- TASK DATA
• • • • • • •
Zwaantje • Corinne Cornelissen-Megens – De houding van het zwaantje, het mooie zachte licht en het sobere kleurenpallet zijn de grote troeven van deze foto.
• • • • • • •
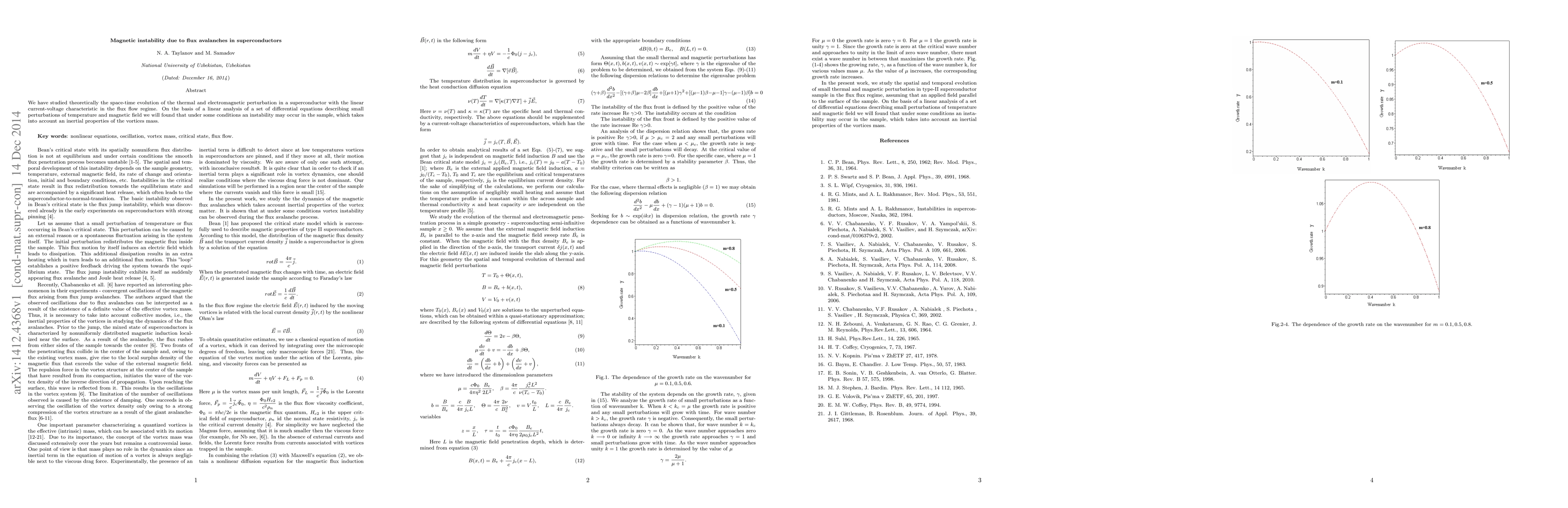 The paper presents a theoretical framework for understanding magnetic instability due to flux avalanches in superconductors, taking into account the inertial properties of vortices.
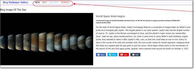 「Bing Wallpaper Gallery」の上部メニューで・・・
• • • • • • •
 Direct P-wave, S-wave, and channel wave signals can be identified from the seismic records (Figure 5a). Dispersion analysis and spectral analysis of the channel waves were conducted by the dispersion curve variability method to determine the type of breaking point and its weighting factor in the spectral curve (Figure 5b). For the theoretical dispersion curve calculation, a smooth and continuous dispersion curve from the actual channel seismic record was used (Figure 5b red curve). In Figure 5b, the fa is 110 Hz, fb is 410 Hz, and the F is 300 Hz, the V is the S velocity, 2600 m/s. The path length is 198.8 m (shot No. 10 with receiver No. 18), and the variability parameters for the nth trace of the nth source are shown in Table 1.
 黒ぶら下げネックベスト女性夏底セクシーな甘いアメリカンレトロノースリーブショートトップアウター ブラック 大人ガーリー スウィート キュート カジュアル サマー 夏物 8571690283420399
• • • • • • •
Give an exact copy of the lines above from the line with "Direct P-wave, S-wave, and" up to and including the line with "黒ぶら下げネックベスト女性夏底セクシーな甘いアメリカンレトロノースリーブショートトップアウター ブラック 大人ガーリー", and leave everything else out.

 Direct P-wave, S-wave, and channel wave signals can be identified from the seismic records (Figure 5a). Dispersion analysis and spectral analysis of the channel waves were conducted by the dispersion curve variability method to determine the type of breaking point and its weighting factor in the spectral curve (Figure 5b). For the theoretical dispersion curve calculation, a smooth and continuous dispersion curve from the actual channel seismic record was used (Figure 5b red curve). In Figure 5b, the fa is 110 Hz, fb is 410 Hz, and the F is 300 Hz, the V is the S velocity, 2600 m/s. The path length is 198.8 m (shot No. 10 with receiver No. 18), and the variability parameters for the nth trace of the nth source are shown in Table 1.
 黒ぶら下げネックベスト女性夏底セクシーな甘いアメリカンレトロノースリーブショートトップアウター ブラック 大人ガーリー スウィート キュート カジュアル サマー 夏物 8571690283420399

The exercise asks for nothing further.